Relationship Is this something you can expect in a relationship with someone with CPTSD?

She had a tendency to communicate via lyrics, a few weeks ago she posted some. These were about that she new she had her demons, that she needed and wanted to change but that she was afraid of who she might become. That I shouldn’t take it so harsh on myself as I wasn’t the blame.
You should say that she does realize what her role is. But as said before, one moment she was very lovely and the next she was blaming me for all kind of things.
But you might be right that she doesn’t realize how much it hurts me. She once showed me her dating profile and that she had numerous likes. Recently I brought this up and she told me that she couldn’t remember and that I couldn’t explain what I meant, so it probably didn’t happen. I explained it a few times and she then said that it never was her intention to make me feel sad or jealous. She only kept her profile so she could save our old messages. I can understand that she wanted to save our messages, but why show me the amount of likes she had? How not to think of this as meant to make me jealous?

The sad thing is that it wasn’t my decision to leave, she cut me off and blocked me.
 
I hope this message is allowed as I’m searching for some clarity. I’m not trying to blame or upset anyone, sorry if it might look like this.
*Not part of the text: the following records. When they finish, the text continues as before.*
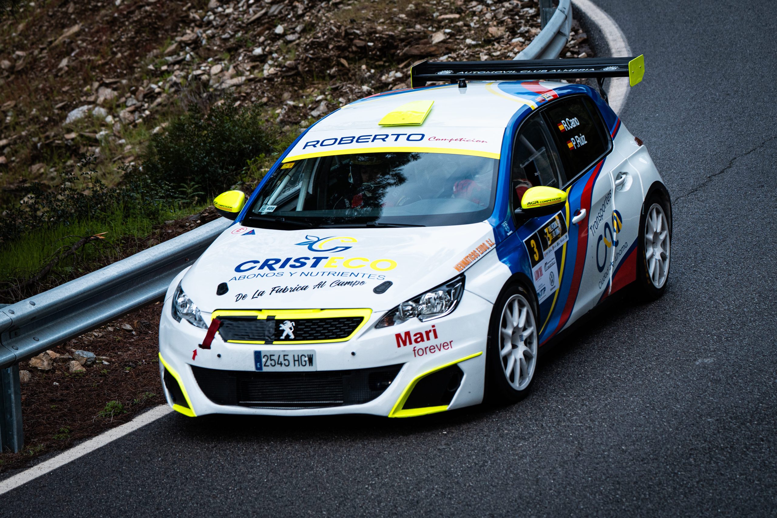 El podio del RallyCrono de las Minas lo completaron Roberto Cano y Pablo Ruiz (Automóvil Club de Almería), segundos a solo 18,2 segundos con su Peugeot 308 Racing Cup, y Cristian Carrasco junto a José Carlos Barragán (Automóvil Club Almendralejo), terceros en la general y vencedores en la Clase II con su Peugeot 106.
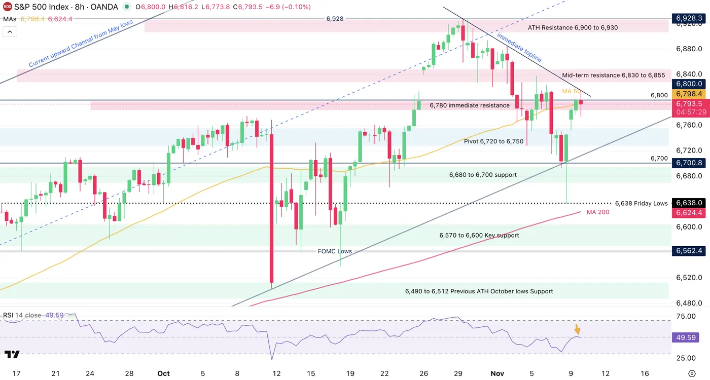 S&P 500 8H Chart, November 10, 2025 – Source: TradingView
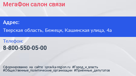 МегаФон, салон связи по адресу Тверская область, Бежецк, Кашинская улица, 4а в дальнейшем Организация, размещена в следующих категориях:

I was/am “in a relationship” with someone who has CPTSD, she grew up in a family with NPD. She told me right from the start that she has CPTSD but couldn’t tell me how I could support her. At the moment she ended contact again for the 6 or 7th time. I’m blocked everywhere and I leave her be.

I have read a lot about it on internet but some of her behaviour just doesn’t seem to make sense:
  • On my socials I occasionally add some new friends. She literally does some sort of background check on the female ones (old classmates, neighbour).
  • She found posts on socials in which I was tagged of which I didn’t even know I was tagged in, years ago.
  • She can go from very sweet/caring to cold/arrogant/angry and back again within minutes.
  • One moment she wants kids, the next moment she gets upset if you speak about children. Making statements that she can’t handle kids and don’t want them.
  • She can make very hurtful accusations towards me. You’re a narcissist, you project, you’ve cheated on me, and many more.
  • One time she loves me, the next she hates me.
  • She very seldomly apologizes for accusations or behaviour
  • We live apart from each other. When I’m with her, she is very sweet, lovely and seems to be happy. No arguments whatsoever.
  • When we’re not together and we speak via whatsapp, we have an argument at least once or twice a week.
  • It seems that the goal posts move around. One moment we agree something, the next week she has a completely different opinion about the same subject.
More hurtful things have happened like making threats and very hot and cold behaviour. One moment she loves me, I was the best what ever happened to her, gave her wonderful memories. And the next moment she says she felt used, asks me how many victims I made, and more of these painful things.

I’m still very much in love with her but don’t really know how to deal with this. Is this all behaviour I could expect from someone with CPTSD?
Its common for children of Narcissists to have Borderline personality disorder traits, look into it. Its not good that she reacts this way but maybe if she learns about it she can get help for it.
 
More hurtful things have happened like making threats and very hot and cold behaviour. One moment she loves me, I was the best what ever happened to her, gave her wonderful memories. And the next moment she says she felt used, asks me how many victims I made, and more of these painful things.
Given that we (ourselves) are the only people we can control and given the severity of things on your list and the things quoted above, I have to ask -- why are you not in therapy trying to figure out why you are accepting this and calling it love? This shouldn't be happening nor accepted in a truly loving relationship. Please no offence meant -- but in my opinion this doesn't have only to do with her. It has to do with you as well.